Однако интерес Ю. Л. к «уникальному своеобразию каждого индивида» сложился еще до продумывания французского «прагматического поворота» и всего, что его окружало, — как раз в период его работы над «Жизнью и смертью в средние века» (если не раньше58), где он сталкивался со случаями нестандартного, «выламывающегося» из обычной практики индивидуального поведения. Собственно, именно разработка «новой демографической истории» приводит его к постановке проблемы изучения этого индивидуального «своеобразия» рядом с «массовым поведением (и массовым сознанием)», к вопросу о механизмах взаимодействия массового и индивидуального, поскольку как раз демографическая сфера предстает в его глазах средоточием дихотомии между ними, той областью человеческой жизни, где более, чем где-либо еще, «массовые стереотипы» подвергаются особенно «интенсивному испытанию на прочность» в «повседневной индивидуальной практике»59.

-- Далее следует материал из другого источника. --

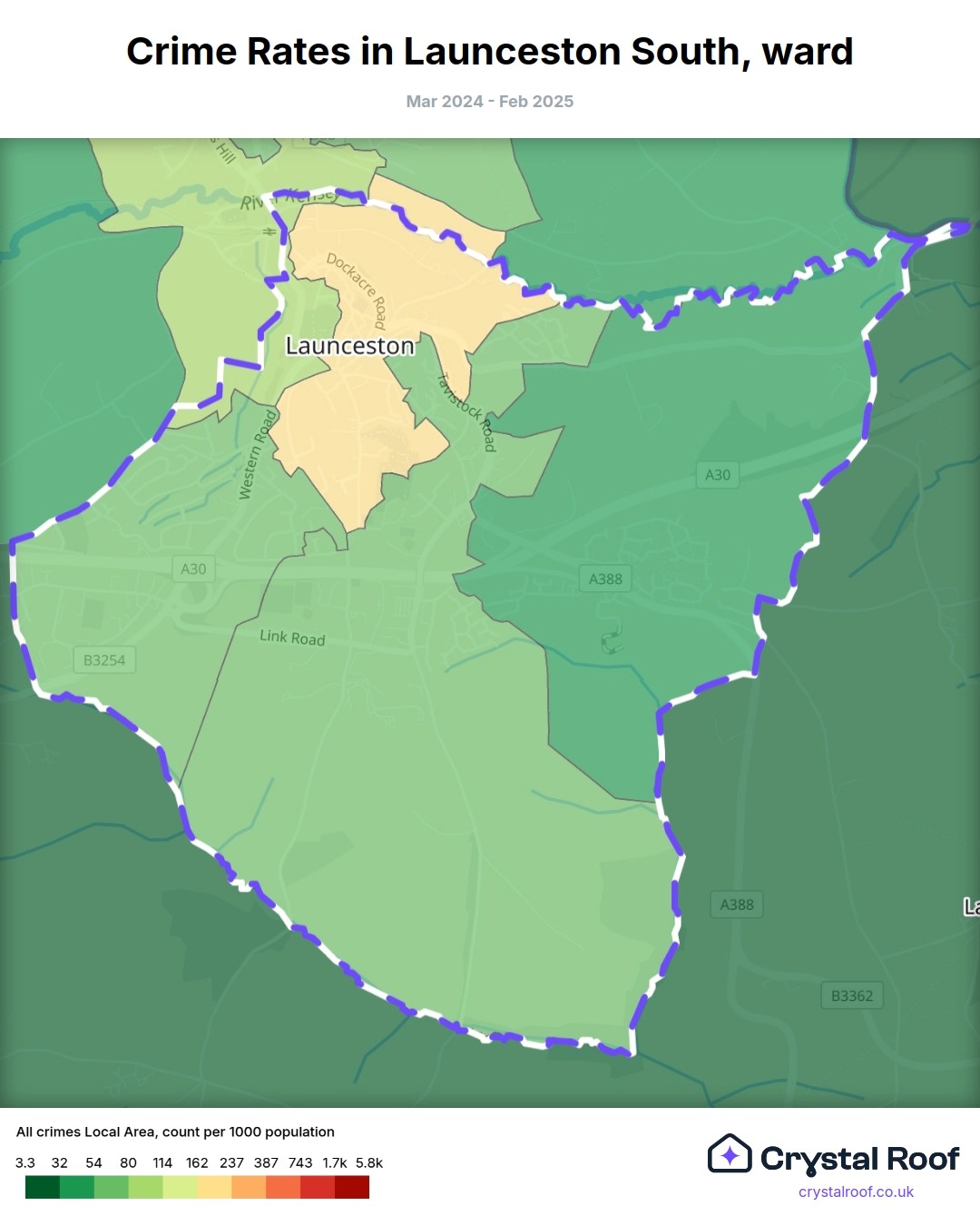 Launceston South, (ward) includes areas with the following crime ratings (see map):

«Казус» — и альманах, и подход — рождается из развития этих поисков, воплотившегося в исследованиях по истории частной жизни: «Речь шла в первую очередь о повседневном поведении человека у себя дома, в кругу семьи и родных, среди друзей и единомышленников и — особо — „наедине с собой". Весь этот спектр человеческих поступков более или менее условно был назван сферой частной жизни»60. Это была в важной части коллективная работа — во главе проекта «История частной жизни и повседневности», организационное ядро которого составили сотрудники группы «Новая демографическая история»,

сформированной ранее в ИВИ под руководством Ю. Л. и позднее преобразованной в центр «История частной жизни и повседневности»61. Этот преимущественно молодой (по меньшей мере в сравнении с Ю. Л.) коллектив и стал опорой разработки казусного подхода и центром проходивших тут дискуссионных семинаров с немалым числом участников62. Так что и теоретическое обоснование самого обращения к индивидуальному в истории, и постановка вопроса о соотношении микро- и макроподходов в исследованиях прошлого, ставшего со временем ключевым, вырастали в пространстве конкретных, отнюдь не отвлеченных исследований.

Я не знаю, произошел ли какой-то особенный случай — конкретный разговор с кем-то из коллег в Москве или во Франции, Германии или Америке, впечатление от какой-то книги или статьи, что-то совсем бытовое, — что подтолкнуло Ю. Л. к переосмыслению самих способов видения прошлого и выявлению и обобщению соответствующих тенденций в современной историографии — переосмыслению, с которым он так отчетливо связал «казусный подход», — или же это переосмысление вырабатывалось постепенно. Ясно, что здесь сказалось сочетание различных факторов. С одной стороны, вопросы, остро поставленные современностью: размышления о взаимоотношениях индивида с «системой» (с политическим строем в особенности), о его возможностях воздействовать на ход истории, характерные для гуманитариев этого круга в период после распада СССР63, Ю. Л. целенаправленно переосмыслял в профессиональном русле. Он отмечал и взаимосвязанность нашего видения прошлого с политическими интерпретациями современности64. С другой стороны, чтение, причем не только в специальном профессиональном русле и не только тогдашней беллетристики, трактовавшей во многом те же вопросы. Отмечу, что интерес к естественно-научным концепциям, близким к синергетике и к работам И. Р. Пригожина в частности, то есть к концепциям, разрушавшим представления о жесткой внутренней взаимосвязанности и гомогенности систем, которые Ю. Л. не единожды цитировал как свидетельство общих изменений во взглядах на мироустройство65, также не был исключительным: к ним обращались и Ю. М. Лотманбб, и Г. С. Кнабе67. И, наконец, собственно профессиональная сфера.